Question

How do you solve `y + 2/y = 1/y - 5`?

Answer 1

Multiply through by `y`, rearrange into standard quadratic form and solve using the quadratic formula to give:

`y = (-5+-sqrt(21))/2`

Explanation:

Given:

`y+2/y=1/y-5`

First multiply both sides by `y` to get:

`y^2+2 = 1-5y`

(Note that in general multiplying both sides of an equation by `y` could introduce a spurious solution of `y=0`, but that won't happen in this case)

Add `5y-1` to both sides to get:

`y^2+5y+1 = 0`

By the rational roots theorem we can immediately see that the only possible rational roots would be `y = +-1`, but neither of those works.

Let's use the quadratic formula.

Our quadratic equation is of the form `ay^2+by+c = 0`, with `a=1`, `b=5` and `c=1`.
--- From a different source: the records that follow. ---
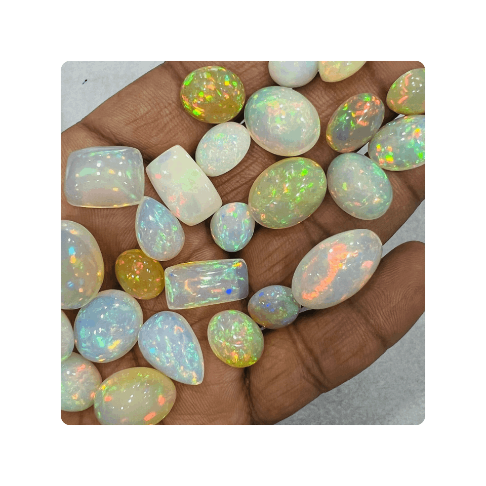 อัญมณีโอปอลทรงหลังเบี้ยโอปอลเอธิโอเปียธรรมชาติอัญมณีหลวมสำหรับทำเครื่องประดับทำด้วยมือจากผู้ผลิตในเมืองชัยปุระ
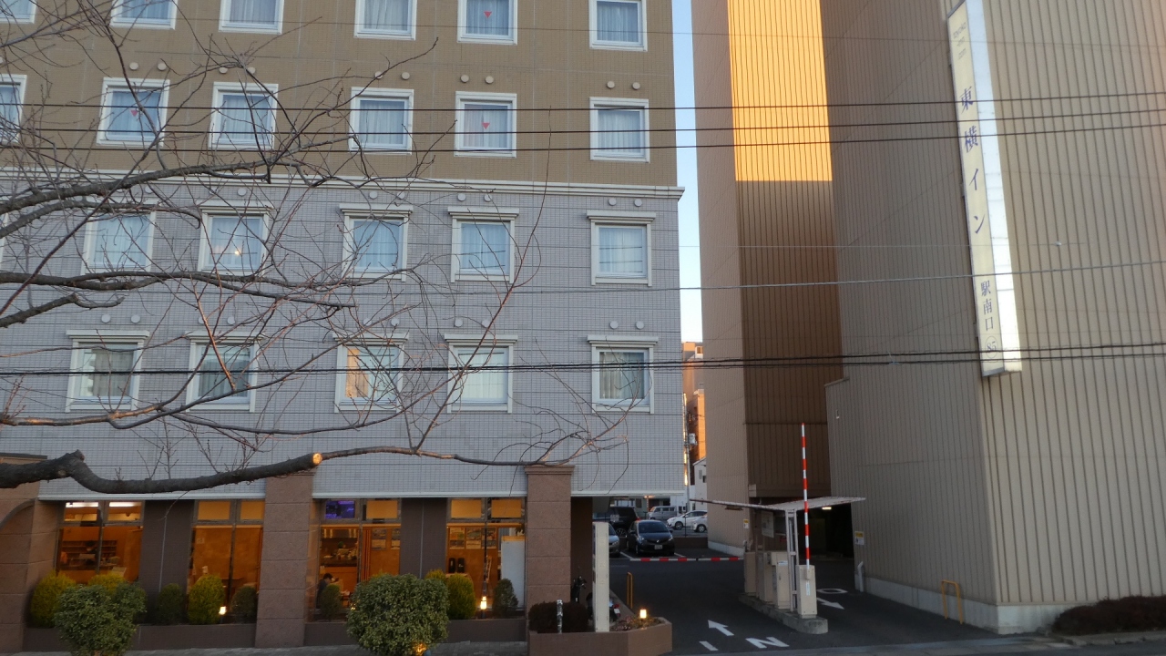 どうせなら 一番安いビジネスホテルにと 選んだところ 手前にラブホテルもあり 遅い時間に女性一人ではちょっと怖いかもしr手ませんが オッサンさん二人連れ 寝るだけですからと。
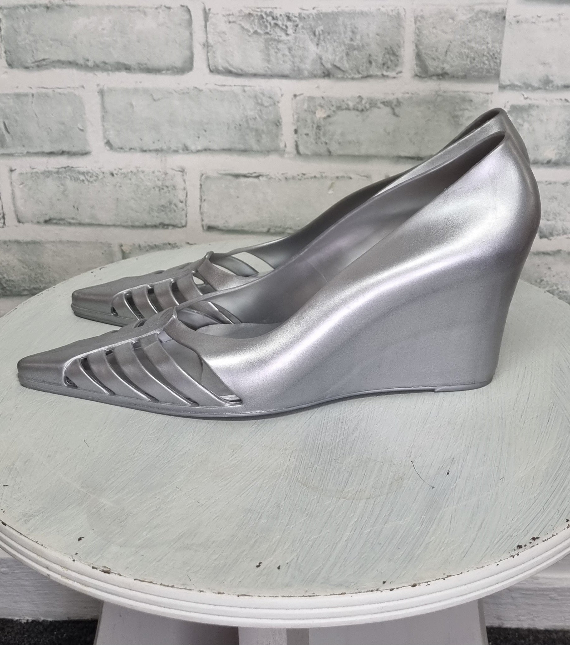 Melissa for Alexandre Herchcovitch Silver Pointy Jelly Wedges Size 40/41
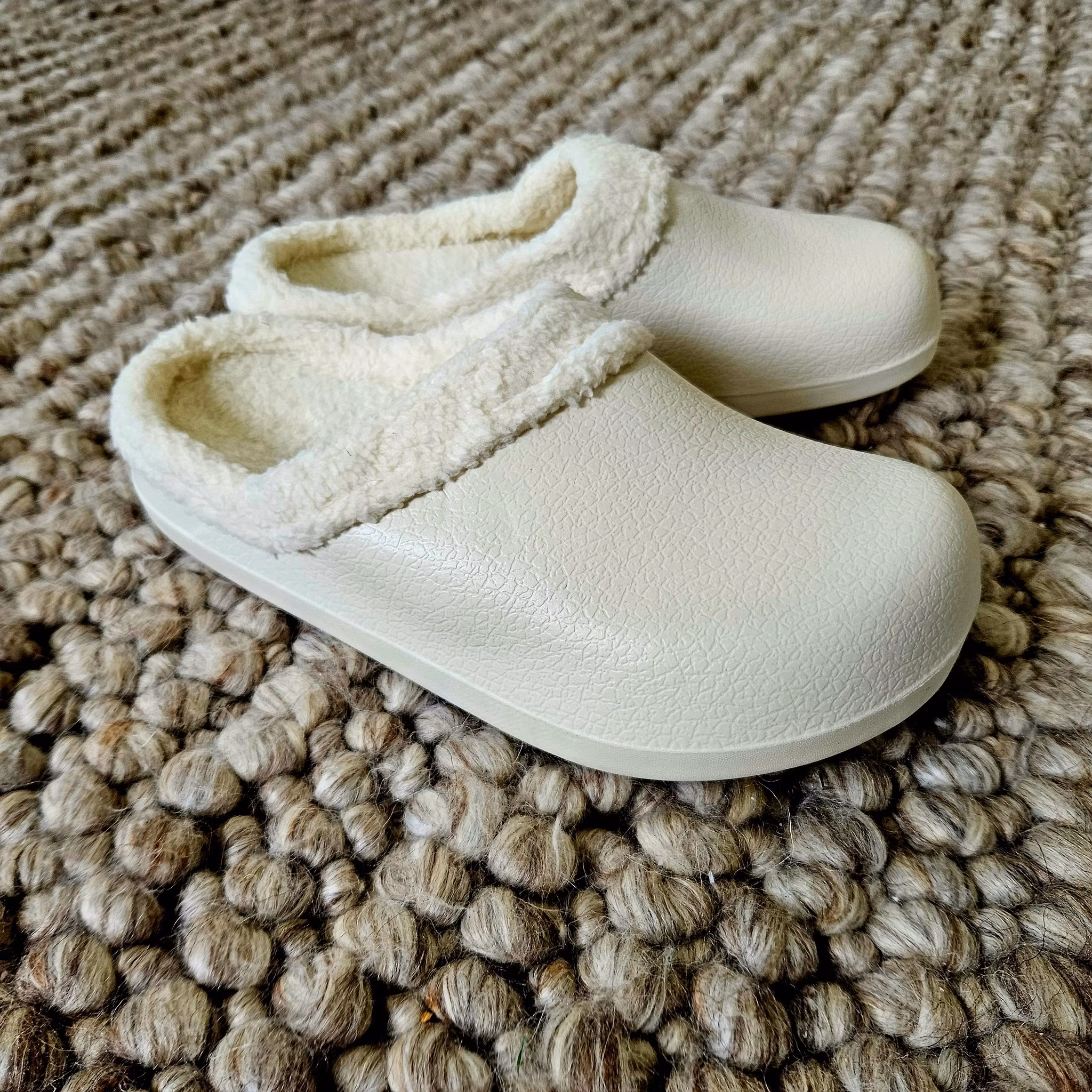 Frusen om fötterna? Missa då inte våra Premium fodrade CLOUD tofflor, i läcker design och snygg Naturvit färg med en ännu bättre ergonomisk utformning som avlastar dina fötter och ben, samtidigt som de håller dina fötter varma. Flera av våra kunder tycker dessutom att deras hälsporre (plantar fasciit) eller mortons neurom (framfotssmärta) har blivit bättre och ibland helt försvunnit!
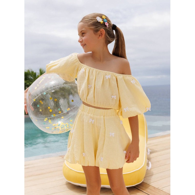 • A cheerful pastel yellow set designed for sunny daysfeatures a puff-sleeve crop top and matching bubble shorts.
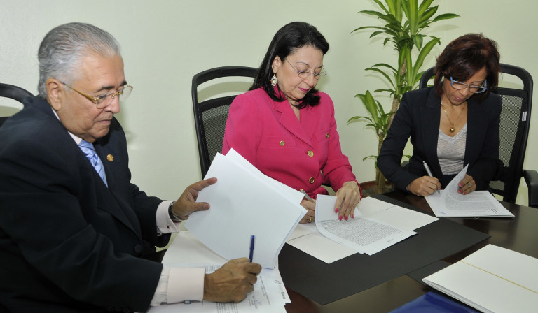 Rosa Rita Álvarez, directora ejecutiva de la Fundación Reservas del País, entidad apéndice del Banco de Reservas, firma convenios y entrega 20 millones de pesos a Manuel Bergés y María Yudelka Flores Pichardo, directivos del Fondo de Inversión para el Desarrollo de la Microempresa (FIME).
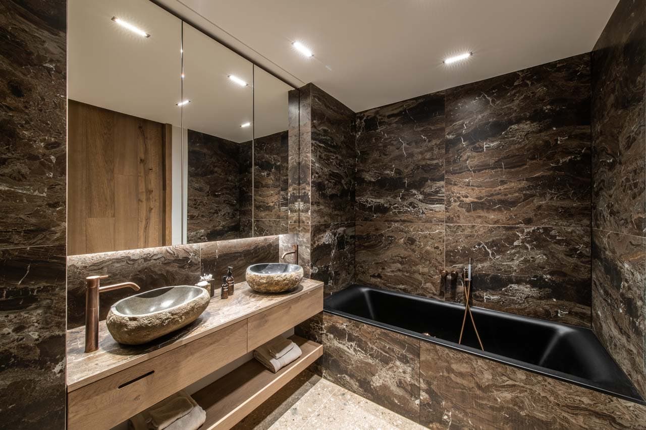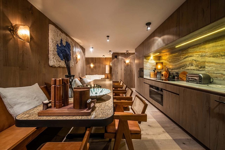 The apartment exudes Alpine sophistication, marrying natural materials like local stone and wood with warm, earthy tones. Retro accents—think mid-century furniture and bold artworks—add a playful twist, creating a unique ambiance of cozy glamour. Floor-to-ceiling details, from woolly sheepskins draped over the sofa to sleek electric fireplaces, ensure a snug, inviting atmosphere.
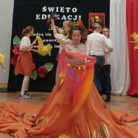 W kolejnej odsłonie na scenę wkroczyli Uczniowie klas: 3za, 3zb, 3zc oraz 2z, którzy pięknym występem powitali swoich najmłodszych Kolegów. Na scenie pojawiła się Pani Jesień (w tej roli nasza Tosia), która wraz z Uczniami zaprezentowała wiersze, piosenki i „jesienny taniec”, wspólnie przekonując najmłodszych Uczniów, że „nie ma czego się bać”. W kolejnej części niezwykłego show Uczniowie klas: 3a, 3b, 3c oraz 2z zaprezentowali magiczny taniec rodem z „Jeziora Łabędziego”.

The discriminant is given by the formula:

`Delta = b^2-4ac = 5^2 - (4xx1xx1) = 25 - 4 = 21`

Being positive but not a perfect square we can tell that our equations has two distinct irrational real roots.

The solutions are given by the formula:

`y = (-b +- sqrt(Delta))/(2a) = (-5+-sqrt(21))/2`